-- Data listing follows --

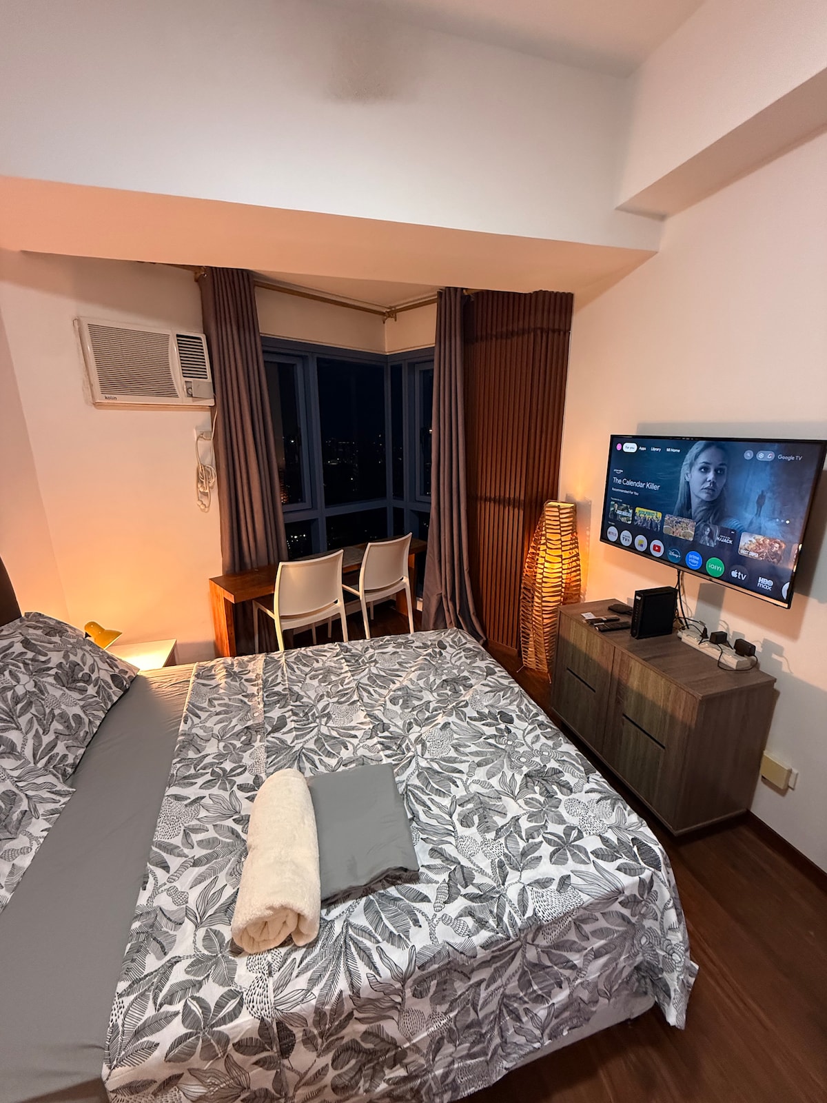 Conçu avec soin avec une touche moderne, ce studio confortable au 43e étage offre confort et commodité pour les voyageurs, les couples ou les télétravailleurs. Profitez de matins paisibles et de nuits reposantes au-dessus de la ville. • Lit queen confortable avec des draps frais • Équipé d'un fer à repasser et d'un sèche-cheveux pour votre confort • Espace propre et confortable pour un séjour reposant • Près de Robinsons Place, Intramuros et Luneta Park • Situé juste en face de l'ambassade des États-Unis à Manille
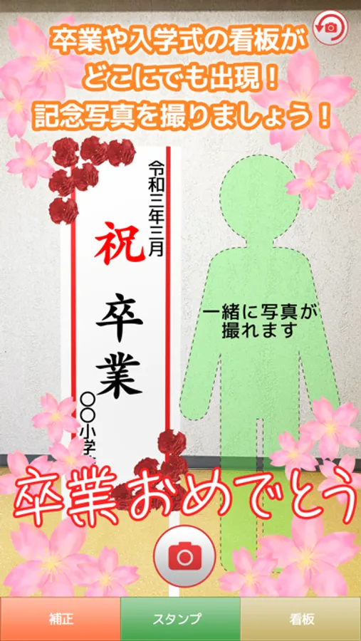 卒業式や入学式の立て看板と記念写真が撮れるARアプリです。
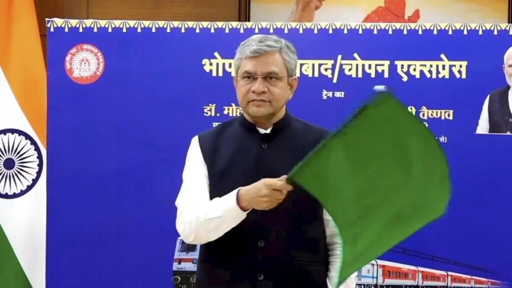 Union Railways Minister Ashwini Vaishnaw virtually flags off the Bhopal-Dhanbad and Bhopal-Chopan Express Trains, in New Delhi, Tuesday, Feb. 24,
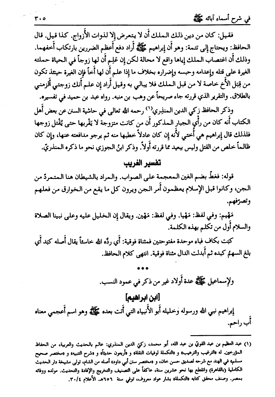 [ابن إبراهيم] إبراهيم نبي الله ورسوله وخليله أبو الأنبياء التي أتت بعده صلّى الله عليه وسلم وهو اسم أعجمي معناه أب راحم.
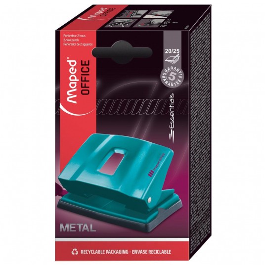 Dziurkacze metalowe ESSENTIALS METAL do 25 kartek ? metalowy mechanizm ? precyzyjny, regulowany ogranicznik formatu ? opatentowany sposób dziurkowania bez użycia listwy formatowej umożliwiają wgłębienia w tylnej części podstawy zgodne z rozstawem ringów w segregatorze ? łatwy do opróżniania pojemnik na konfetti ? wskaźnik środka strony ?
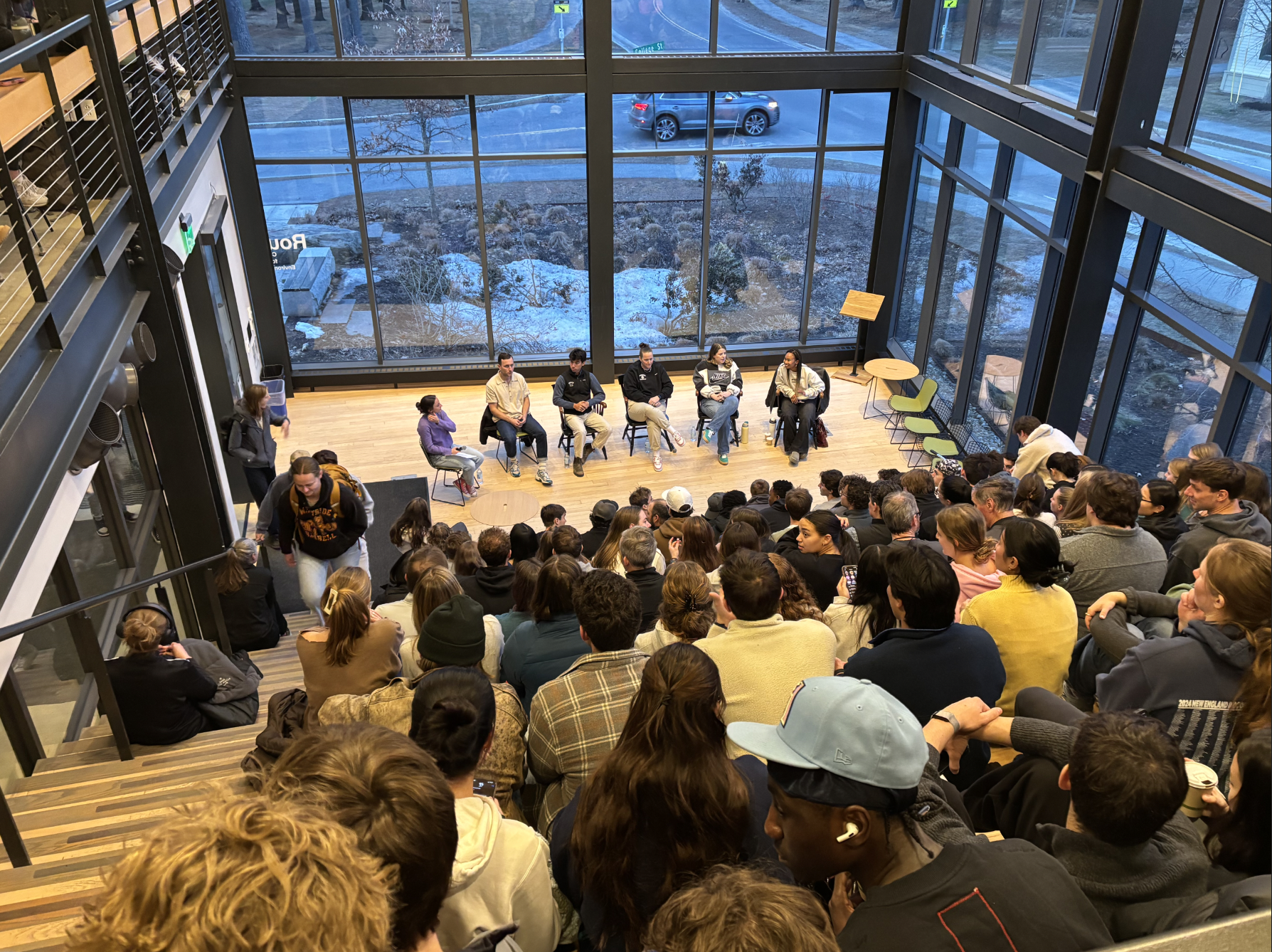 Addison MooreCOMMUNITY FIRST: Students gather in Roux to hear from a voracious group of panelists regarding LGBTQ+ experiences within athlete communities. Ben Chadwick ’11, an alum of the men’s lacrosse team, was one of the main speakers.

-- Data listing concluded --

Action item =
All lines above from the one containing "Union Railways Minister" up to and including the one containing "[ابن إبراهيم] إبراهيم" are to be set down exactly, and nothing else. Leave images out.

Exercise result =
 Union Railways Minister Ashwini Vaishnaw virtually flags off the Bhopal-Dhanbad and Bhopal-Chopan Express Trains, in New Delhi, Tuesday, Feb. 24,
 [ابن إبراهيم] إبراهيم نبي الله ورسوله وخليله أبو الأنبياء التي أتت بعده صلّى الله عليه وسلم وهو اسم أعجمي معناه أب راحم.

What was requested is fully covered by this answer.